Images excluded, reproduce each line of the records exactly as it stands.

[Saved entries]
# # # # # # #

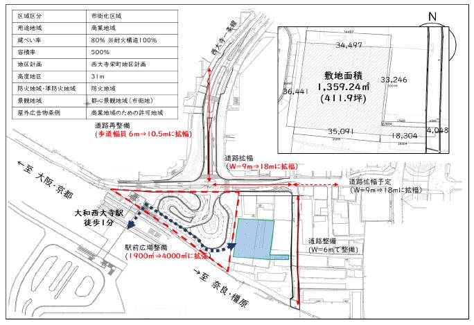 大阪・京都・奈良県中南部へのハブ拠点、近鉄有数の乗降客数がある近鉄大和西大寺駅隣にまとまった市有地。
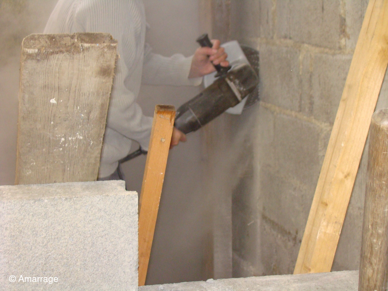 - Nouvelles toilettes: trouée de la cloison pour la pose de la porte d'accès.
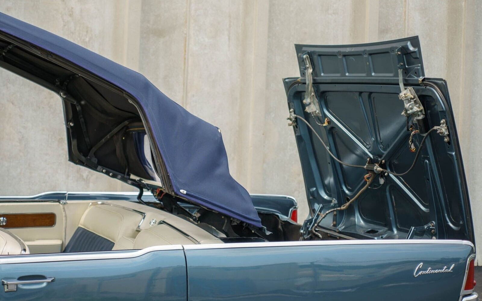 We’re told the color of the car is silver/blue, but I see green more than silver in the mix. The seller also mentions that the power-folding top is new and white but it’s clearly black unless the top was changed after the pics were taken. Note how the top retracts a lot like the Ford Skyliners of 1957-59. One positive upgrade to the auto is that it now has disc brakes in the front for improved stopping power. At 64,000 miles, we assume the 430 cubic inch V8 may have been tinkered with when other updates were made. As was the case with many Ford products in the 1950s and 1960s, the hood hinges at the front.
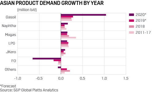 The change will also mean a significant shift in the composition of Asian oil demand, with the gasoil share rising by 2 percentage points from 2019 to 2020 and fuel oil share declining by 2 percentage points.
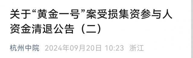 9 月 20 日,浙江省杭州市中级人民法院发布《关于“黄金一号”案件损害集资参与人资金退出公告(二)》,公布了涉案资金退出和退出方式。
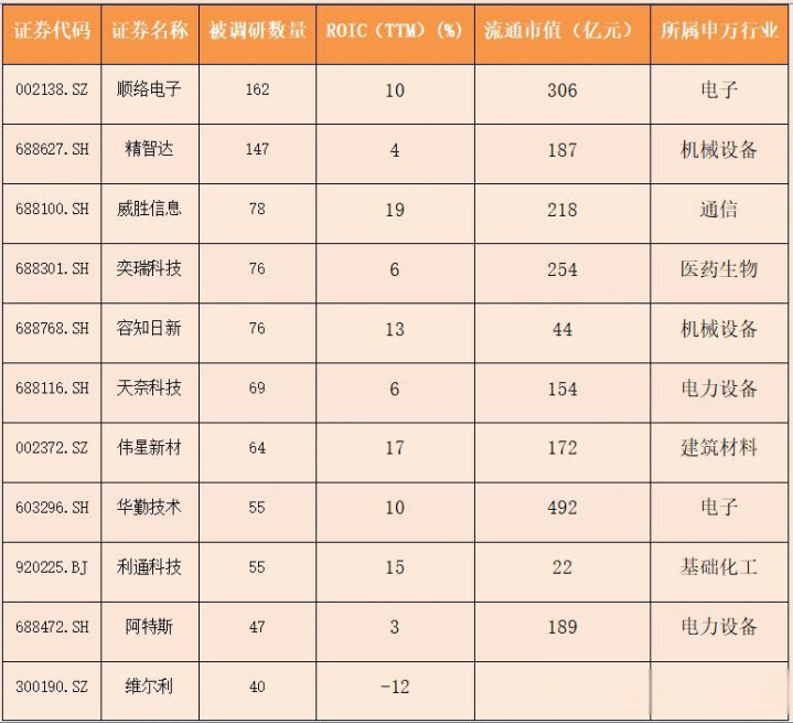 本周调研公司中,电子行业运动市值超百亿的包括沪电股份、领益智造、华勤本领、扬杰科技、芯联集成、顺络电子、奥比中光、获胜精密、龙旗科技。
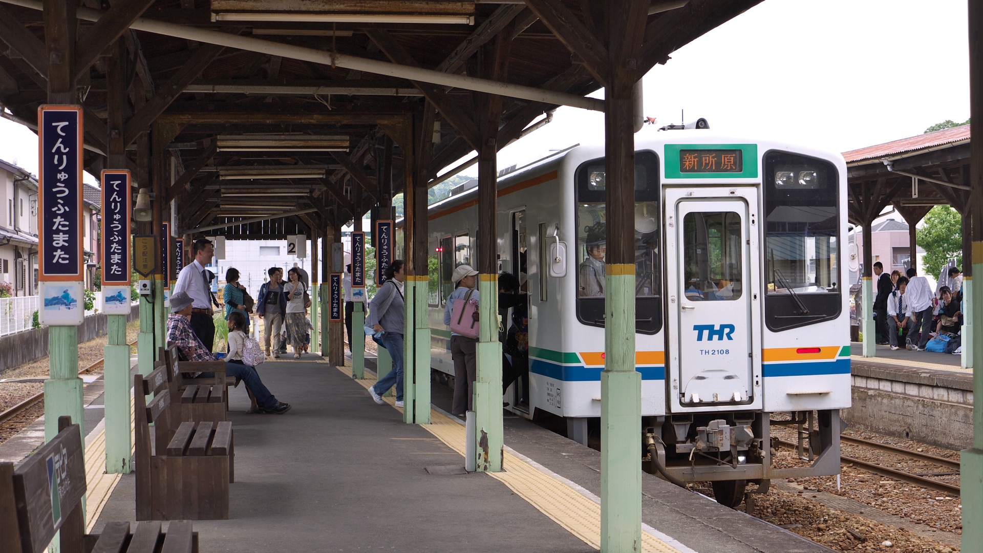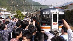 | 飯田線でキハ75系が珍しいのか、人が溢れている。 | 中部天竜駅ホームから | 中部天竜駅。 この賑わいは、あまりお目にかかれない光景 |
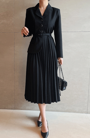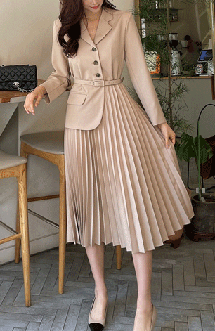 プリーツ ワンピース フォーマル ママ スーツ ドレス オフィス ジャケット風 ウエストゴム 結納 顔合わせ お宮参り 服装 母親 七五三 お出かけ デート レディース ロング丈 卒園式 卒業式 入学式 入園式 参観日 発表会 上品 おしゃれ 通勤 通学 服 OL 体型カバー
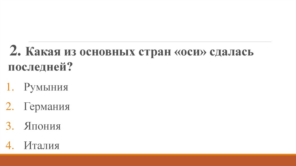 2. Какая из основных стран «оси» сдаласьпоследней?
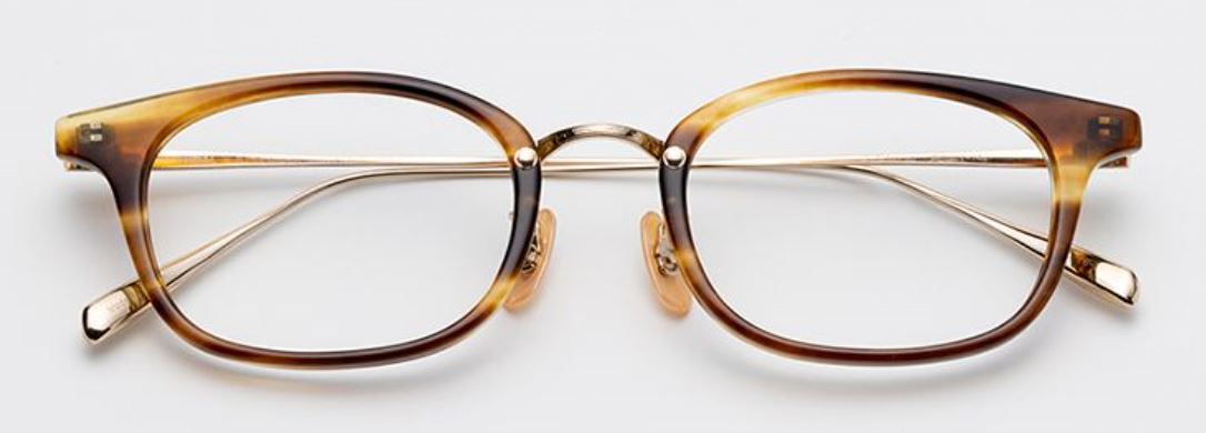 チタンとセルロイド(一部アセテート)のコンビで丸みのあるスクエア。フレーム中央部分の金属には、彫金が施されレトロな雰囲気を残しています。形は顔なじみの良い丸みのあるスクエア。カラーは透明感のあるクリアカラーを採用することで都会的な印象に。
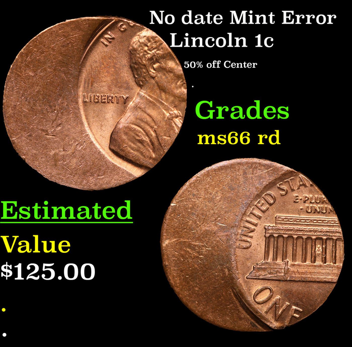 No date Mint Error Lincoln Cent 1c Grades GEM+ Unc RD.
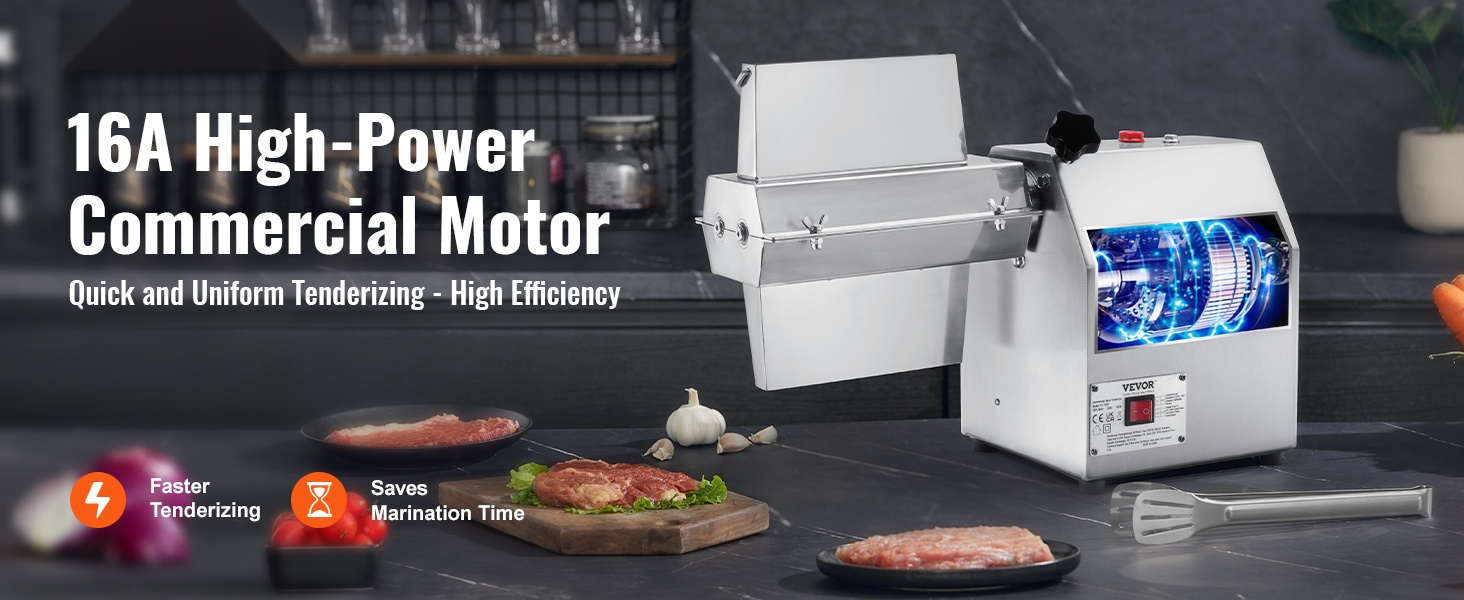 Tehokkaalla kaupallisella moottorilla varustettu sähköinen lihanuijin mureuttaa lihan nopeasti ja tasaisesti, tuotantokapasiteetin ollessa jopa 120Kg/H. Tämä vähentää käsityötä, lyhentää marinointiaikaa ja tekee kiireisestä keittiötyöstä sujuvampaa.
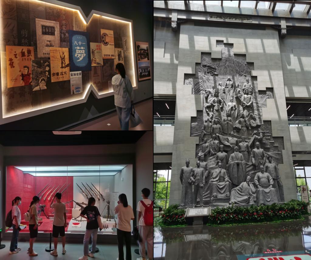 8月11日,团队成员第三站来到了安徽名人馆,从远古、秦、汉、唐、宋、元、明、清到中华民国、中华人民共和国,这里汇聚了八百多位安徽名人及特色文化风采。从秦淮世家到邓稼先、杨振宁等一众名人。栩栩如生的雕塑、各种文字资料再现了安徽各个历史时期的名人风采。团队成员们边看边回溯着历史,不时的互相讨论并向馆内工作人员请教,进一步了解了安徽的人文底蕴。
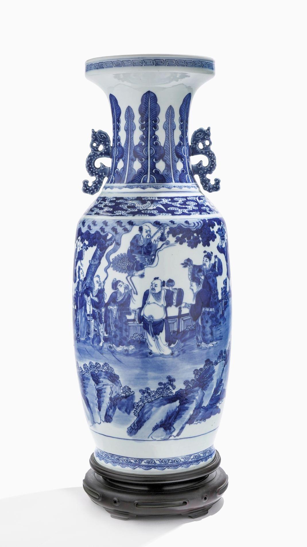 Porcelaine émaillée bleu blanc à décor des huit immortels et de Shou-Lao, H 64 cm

# # # # # # #

» Answer for the task
 大阪・京都・奈良県中南部へのハブ拠点、近鉄有数の乗降客数がある近鉄大和西大寺駅隣にまとまった市有地。
 - Nouvelles toilettes: trouée de la cloison pour la pose de la porte d'accès.
 We’re told the color of the car is silver/blue, but I see green more than silver in the mix. The seller also mentions that the power-folding top is new and white but it’s clearly black unless the top was changed after the pics were taken. Note how the top retracts a lot like the Ford Skyliners of 1957-59. One positive upgrade to the auto is that it now has disc brakes in the front for improved stopping power. At 64,000 miles, we assume the 430 cubic inch V8 may have been tinkered with when other updates were made. As was the case with many Ford products in the 1950s and 1960s, the hood hinges at the front.
 The change will also mean a significant shift in the composition of Asian oil demand, with the gasoil share rising by 2 percentage points from 2019 to 2020 and fuel oil share declining by 2 percentage points.
 9 月 20 日,浙江省杭州市中级人民法院发布《关于“黄金一号”案件损害集资参与人资金退出公告(二)》,公布了涉案资金退出和退出方式。
 本周调研公司中,电子行业运动市值超百亿的包括沪电股份、领益智造、华勤本领、扬杰科技、芯联集成、顺络电子、奥比中光、获胜精密、龙旗科技。
 | 飯田線でキハ75系が珍しいのか、人が溢れている。 | 中部天竜駅ホームから | 中部天竜駅。 この賑わいは、あまりお目にかかれない光景 |
 プリーツ ワンピース フォーマル ママ スーツ ドレス オフィス ジャケット風 ウエストゴム 結納 顔合わせ お宮参り 服装 母親 七五三 お出かけ デート レディース ロング丈 卒園式 卒業式 入学式 入園式 参観日 発表会 上品 おしゃれ 通勤 通学 服 OL 体型カバー
 2. Какая из основных стран «оси» сдаласьпоследней?
 チタンとセルロイド(一部アセテート)のコンビで丸みのあるスクエア。フレーム中央部分の金属には、彫金が施されレトロな雰囲気を残しています。形は顔なじみの良い丸みのあるスクエア。カラーは透明感のあるクリアカラーを採用することで都会的な印象に。
 No date Mint Error Lincoln Cent 1c Grades GEM+ Unc RD.
 Tehokkaalla kaupallisella moottorilla varustettu sähköinen lihanuijin mureuttaa lihan nopeasti ja tasaisesti, tuotantokapasiteetin ollessa jopa 120Kg/H. Tämä vähentää käsityötä, lyhentää marinointiaikaa ja tekee kiireisestä keittiötyöstä sujuvampaa.
 8月11日,团队成员第三站来到了安徽名人馆,从远古、秦、汉、唐、宋、元、明、清到中华民国、中华人民共和国,这里汇聚了八百多位安徽名人及特色文化风采。从秦淮世家到邓稼先、杨振宁等一众名人。栩栩如生的雕塑、各种文字资料再现了安徽各个历史时期的名人风采。团队成员们边看边回溯着历史,不时的互相讨论并向馆内工作人员请教,进一步了解了安徽的人文底蕴。
 Porcelaine émaillée bleu blanc à décor des huit immortels et de Shou-Lao, H 64 cm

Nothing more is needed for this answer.